When Netscape and Microsoft released version 4.0 of their respective browsers, they added better access to the attributes and elements of a web page. This access was made through a library known as the DOM, a hierarchical tree data structure that represented the web page as a set of objects, where some are siblings to others and yet others are children (or alternately, parents) to other elements.

figure 1

The figure above shows a simple HTML document represented as a DOM tree. In this, you can see that the 'head' and 'body' elements are siblings, whereas the 'h1' element is a child of 'body' (and therefore 'body' is the parent of 'h1'). The text nodes at the bottom are also part of the DOM, albeit not exactly as HTML elements.
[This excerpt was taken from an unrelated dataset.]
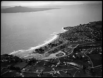 Vue aérienne de Milford, avec l’île de Rangitoto entre 1920 à 1940. | |||

Unfortunately, although the general ideas about hierarchy and the DOM element names were common across IE and Navigator, Microsoft and Netscape differed on how attributes of elements were to be accessed. Although everyone was now pretty much in agreement about how the scripting language worked, using it with DHTML proved to be a nightmare – one that's still with us today.

Anyone who has ever written cross-browser JavaScript code knows the weird byroads of incompatibility between the browsers' DOM. When Internet Explorer and Netscape 4.0 came out, you could soon get libraries that tried to make Netscape act like IE, and vice versa.

Other developers released libraries that encapsulated the commonality between the DOMs, though that generally meant forsaking some of the better parts of each DOM. This split between the DOMs led to sites that worked well in one browser and less so in the other.

The browser wars intensified as Microsoft, Netscape and others, together with the web standards body, the W3C, tried to standardise the DOMs. The process was lengthy, and, slowly but surely, Microsoft's Internet Explorer became the pre-eminent browser.

Since IE was delivered as part of Windows, it also led to the monopoly trials against Microsoft, and the rise of the Mozilla and other browsers like Firefox and Opera. JavaScript itself stayed pretty constant throughout this period of entrenchment and consolidation since the third edition of ECMAScript (which everyone was using) proved very stable.

There were high hopes for the fourth version of JavaScript, including a 'proper' object-oriented class model, but in the end the plans proved too ambitious and they were dropped for a simpler fifth edition – ECMAScript 5 – which is being integrated into the browsers' interpreters (Firefox 4 and IE9 both support ECMAScript 5).